Contributions

Macky Sall : l’éthique, le temps et l’action. (Par IDRISSA M. DIABIRA)

  • Date: 29 février 2016

Le Conseil constitutionnel a rendu son avis – ou décision ( ?) – quant à la conformité des réformes constitutionnelles proposées. Le Conseil ne juge pas conforme la réforme sur l’applicabilité de la réduction à 5 ans au mandat en cours. Il ne la juge conforme « ni à l’esprit de la Constitution, ni à la pratique constitutionnelle ». L’applicabilité immédiate doit donc être supprimée. Le président de la République Macky Sall a décidé de s’y conformer.  L’émoi suscité par son choix, en rapport à son engagement, est grand dans l’opinion. Il n’est pas feint. Partisan de cette emblématique mesure, je comprends cet émoi. Mais pas les outrances qui l’accompagnent et visent à troubler notre raison.

Elles sont le fait de politiciens faussement ingénues ou (re)connus pour leur grande tortuosité. Elles sont aussi le fait d’activistes coutumiers des faits. De conserve, ils hurlent à la trahison du peuple et concluent à l’absence d’éthique du Président. Macky Sall serait Machiavel. Aveuglés les uns par leur soif de pouvoir, les autres par l’idéal de leur combat, ils en viennent à perdre la raison. Pourtant l’éthique qu’ils brandissent est bel et bien ce dont il est question. Sur ce seul point ils ont raison. Mais ils ne possèdent de l’éthique ni le monopole ni la science, là est le drame.
Car le débat sur l’éthique est nécessaire. Il est même séculaire. En 1919, le sociologue Max Weber disserte à ce propos dans deux célèbres conférences dont le recueil donnera l’ouvrage Le Savant et le Politique. Il y expose l’éthique propre à chacun de ses deux métiers. Le savant ? Il agit selon l’éthique de responsabilité basé sur le jugement des faits dit autrement : « nous devons répondre des conséquences prévisibles de nos actes ». Le politique ? Il agit selon l’éthique de conviction marqué par le jugement de valeurs : « nous devons poursuivre notre but car il est bon quelque soit les moyens ou les résultats effectifs obtenus ».
Les détracteurs de Macky Sall réagissent suivant une forme extrémiste de l’éthique de conviction. Détenteurs de la vérité ils dénient aux autres  morale, honneur et même éthique. Qu’importent les conséquences des actes posés, pour eux la pureté de l’idée est une fin en soi. Ne pas aller au bout de celle-ci est alors une impardonnable trahison. Rappelons-nous pourtant quelles furent les conséquences dramatiques de ce jusqu’au-boutisme dans les totalitarismes qui ont marqué l’Histoire !
L’éthique de responsabilité marque l’attitude du savant. Elle a pourtant aussi la sympathie de Max Weber pour l’action politique. Car pour être efficace l’action  doit suivre une voie raisonnable et non dogmatique. Il faut donc procéder à un juste compromis entre l’éthique de responsabilité et l’éthique de conviction. Car pour Weber ces deux éthiques : « …ne sont pas contradictoires, mais se complètent l’une l’autre et constituent ensemble l’homme authentique c’est-à-dire un homme qui peut prétendre à « la vocation politique ».
Le Chef d’Etat qui se veut à la hauteur du destin de la nation se doit d’agir, parfois malgré lui et au risque de provoquer l’émoi, selon cette éthique authentique. Il cherche l’action politique efficace. L’histoire politique de Macky Sall est marquée par cette quête. Il abandonnera les vieilles lunes de la gauche maoïste pour cette raison d’efficacité politique. Et en 1983, malgré l’appel au boycott, lui choisissait de voter aux élections et d’être parmi l’opposition utile d’alors.
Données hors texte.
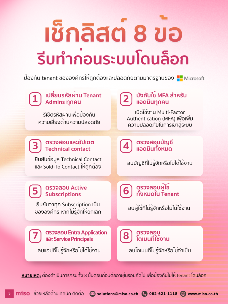 และเพื่อให้มั่นใจว่า Tenant ของคุณจะไม่ถูกระงับการใช้งานก่อนการต่ออายุ License Microsoft 365 รอบถัดไป MISO จะพาทุกคนมาทำเช็กลิสต์ทั้ง 8 ข้อให้ครบถ้วนว่าต้องตรวจอะไรบ้าง และทำไมจึงสำคัญต่อความปลอดภัยขององค์กร
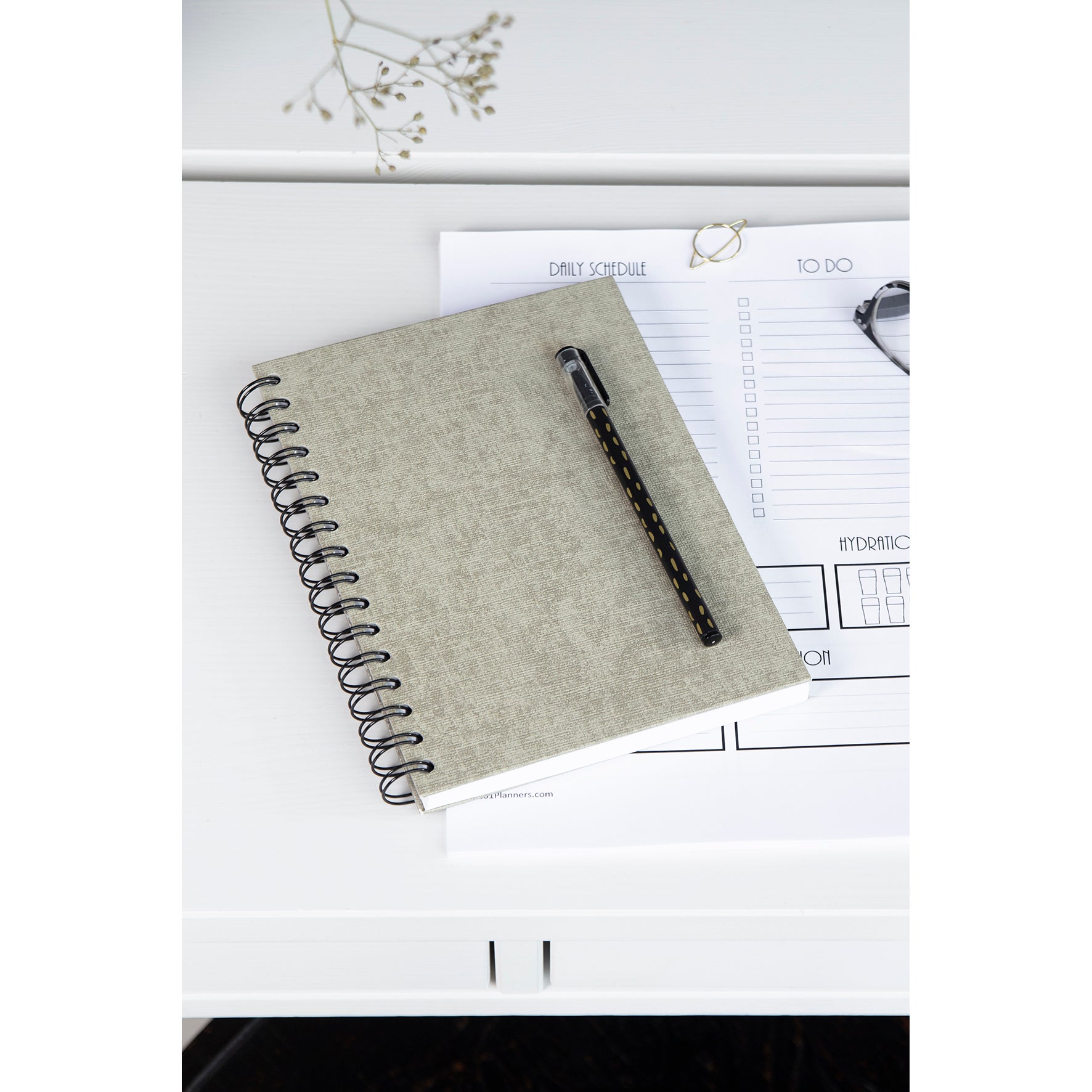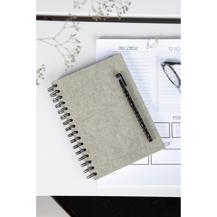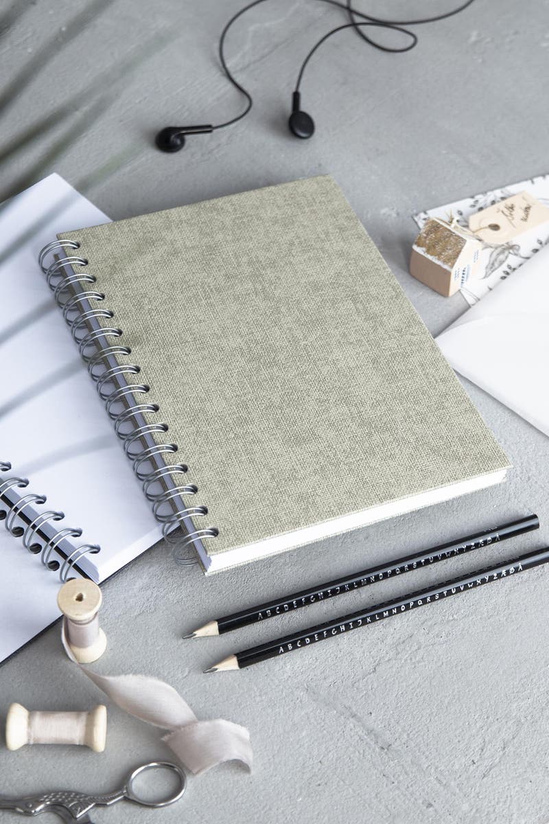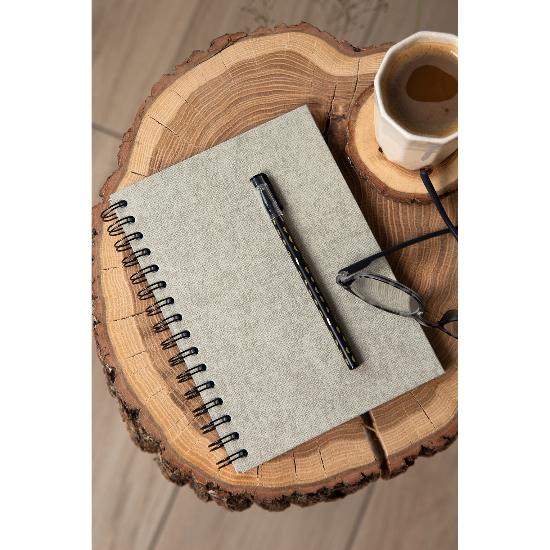 Snygg spiralbunden olinjerad anteckningsbok från Bigso Box of Sweden med canvas liknande ytskikt som är tillverkat av återvunnet papp.

Dès lors rien de surprenant à ce qu’en 2012 il se conforme à l’avis controversé du Conseil constitutionnel validant la candidature du Président Wade. L’explicitation de sa pensée profonde se trouve dans son courrier-réponse du 16 janvier 2012, rendu public, à des élus du peuple américain. Il exhorte « au respect voire à l’amélioration des règles inscrites dans nos Constitutions respectives ». Il confesse surtout son admiration : « La longévité, le respect, la sacralité même, dont jouissent les règles de votre Constitution forcent l’admiration. »
Admiration pour le respect scrupuleux de la règle de la limitation du nombre de mandats présidentiels à deux. La seule exception conduit à l’inscription écrite par le 22ème amendement de cette règle orale dans la Constitution américaine. Admiration aussi liée à la durée de leur mandat, 4 ans seulement. Cette admiration provient de la conviction forgée par son expérience réussie de Premier ministre  où il démontre que les grands changements s’opèrent seulement dans la dynamique de l’action et que seule la contrainte du temps court permet de l’imposer.
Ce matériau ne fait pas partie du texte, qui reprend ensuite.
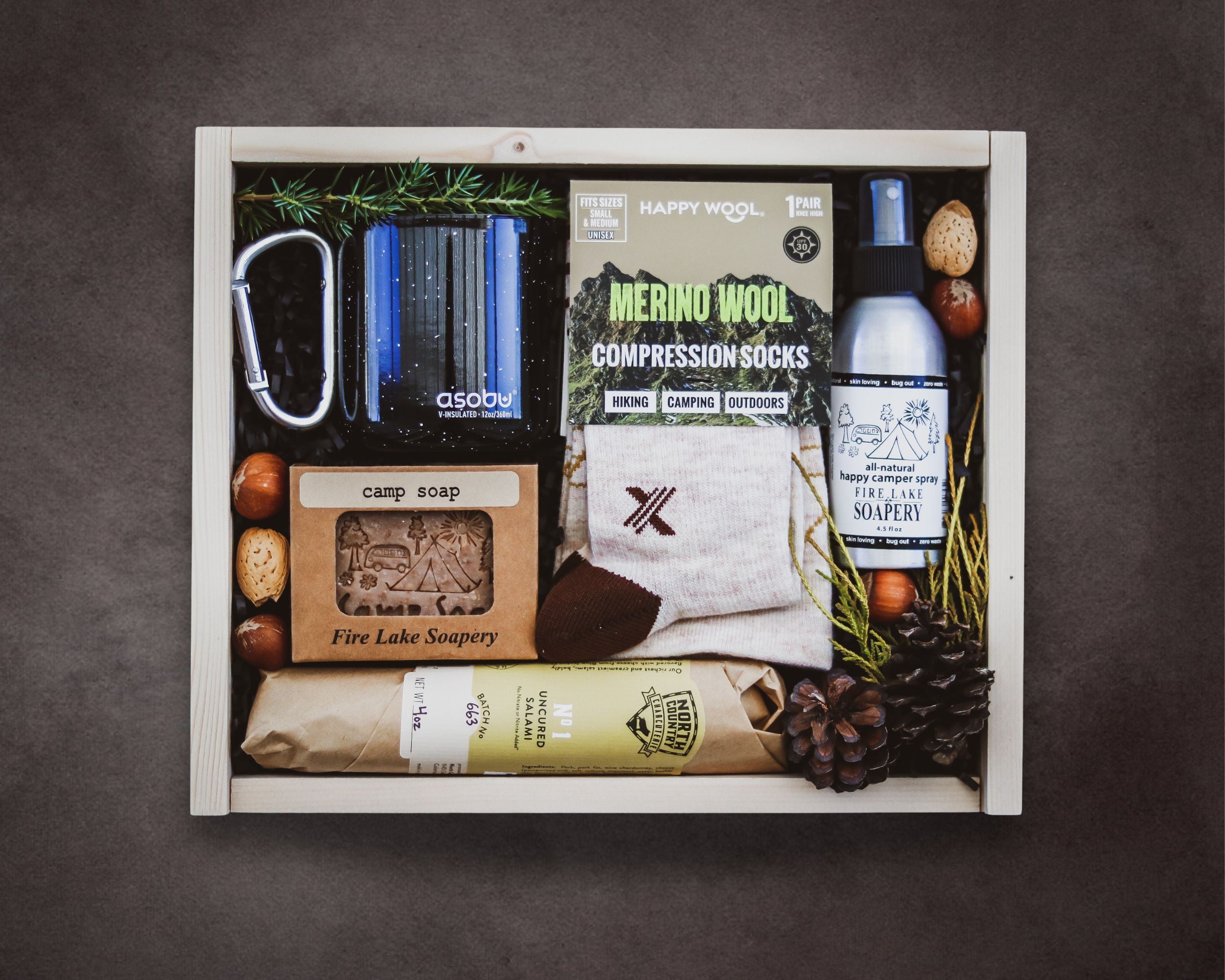 Designed for life outdoors, this curated gift box brings together essential camp and trail favorites in an elevated presentation. Inside are a stainless steel campfire mug with carabiner handle, warm wool socks, uncured salami for on-the-go fuel, a portable fire pit, and rich camp soap to clean up after the day’s adventures. A thoughtful gift for an outdoorsy dad, brother, partner, friend, or colleague. Available with or without a soft faux fur marble throw blanket or a tartan natural wool deluxe blanket for added comfort. The gift box can also be engraved with your logo or personalized with the engraved name and/or artwork - creating a truly special touch that elevates your gift.

L’exercice entier de la charge suprême par le Président-ingénieur vise la mise en œuvre de ces changements majeurs. L’action résolue en un temps record, moins de 4 ans, pour poser les fondations d’un modèle social sénégalais basé sur l’égale dignité de ses concitoyens est à ce titre exemplaire. Macky Sall entend satisfaire les besoins fondamentaux et la quête de bien-être de sa population. Sa vision d’un Sénégal émergent élaborée, la voie (Yoonu Yokkuté puis PSE) pour y parvenir ajustée, les moyens financiers mobilisés et les premiers résultats probants acquis – il faudra certes les conforter et mieux les valoriser – sont autant d’indubitables preuves que le seul viatique de son action politique est l’efficacité dans une temporalité courte.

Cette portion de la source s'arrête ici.